The collective bargaining agreement, by its own terms, applies to all firefighter employees regardless of union membership, and the arbitrator’s decision construing the contract is thus binding on *1177all firefighter employees, union and nonunion members alike.7 We therefore hold the arbitrator’s construction of the contract neither affected by pure error of law nor violative of any public policy, and therefore impervious to District Court interference.

The order of the Trial Court is therefore REVERSED.

GARRETT, P.J., and ADAMS, J., concur.

. 11 O.S. § 51-111; Taylor v. Johnson, 706 P.2d 896, 898 (Okl.1985); Voss v. City of Oklahoma City, 618 P.2d 925 (Okl.1980). And cf., United Steelworkers of America v. Enterprise Wheel & Car Corp., 363 U.S. 593, 80 S.Ct. 1358, 4 L.Ed.2d 1424 (1960); United Steelworkers of America v. Warrior & Gulf Navigation Co., 363 U.S. 574, 80 S.Ct. 1347, 4 L.Ed.2d 1409 (1960); United Steelworkers of America v. American Mfg. Co., 363 U.S. 564, 80 S.Ct. 1343, 4 L.Ed.2d 1403 (1960).

. See, e.g., United Paperworkers Int'l. Union v. MISCO, Inc., 484 U.S. 29, 108 S.Ct. 364, 98 L.Ed.2d 286 (1987); W.R. Grace & Co. v. Int'l Union of United Rubber, Cork Linoleum and Plastic Workers of America, 461 U.S. 757, 103 S.Ct. 2177, 76 L.Ed.2d 298 (1983).

. See, e.g., Int'l. Union of Operating Engineers, Local 670 v. Kerr-McGee Corp., 618 F.2d 657 (10th Cir.1980); Fabricut, Inc. v. Tulsa General Drivers, 597 F.2d 227 (10th Cir.1979); Mistletoe Exp. Svc. v. Motor Exp. Union, 566 F.2d 692 (10th Cir.1977).

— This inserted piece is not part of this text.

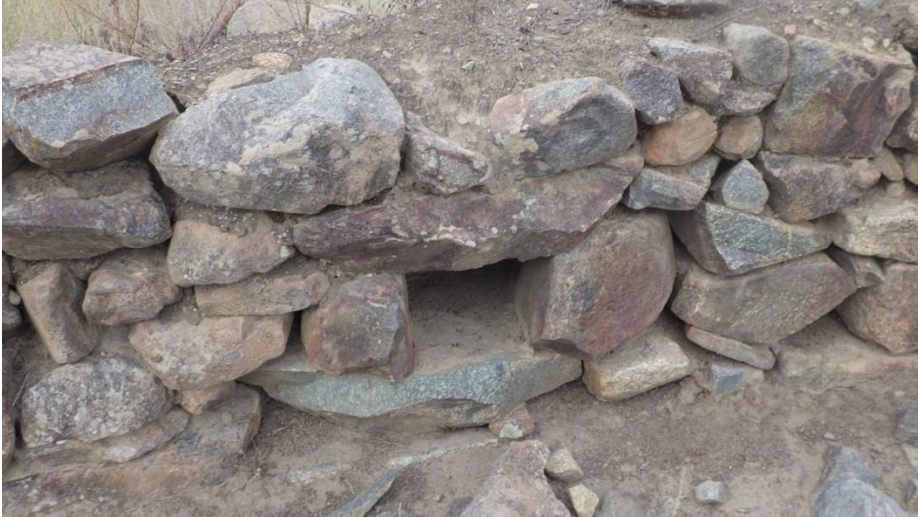
Fig. 12- Square niches in the walls of later phase structures, Shati Das.

See also, Alexander v. Gardner-Denver Co., 415 U.S. 36, 94 S.Ct. 1011, 39 L.Ed.2d 147 (1974).

. 11 O.S. §§ 51-102(6a)(l), (6b)(l).

. See, footnote 3.

. City of Yukon, 792 P.2d at 1179, 1180.

. The parties suggest in their briefs, and have so stipulated in oral argument on rehearing, that the arbitrator's decision affects the benefits of not only the three named non-union firefighter employees, but also at least three other union firefighter employees.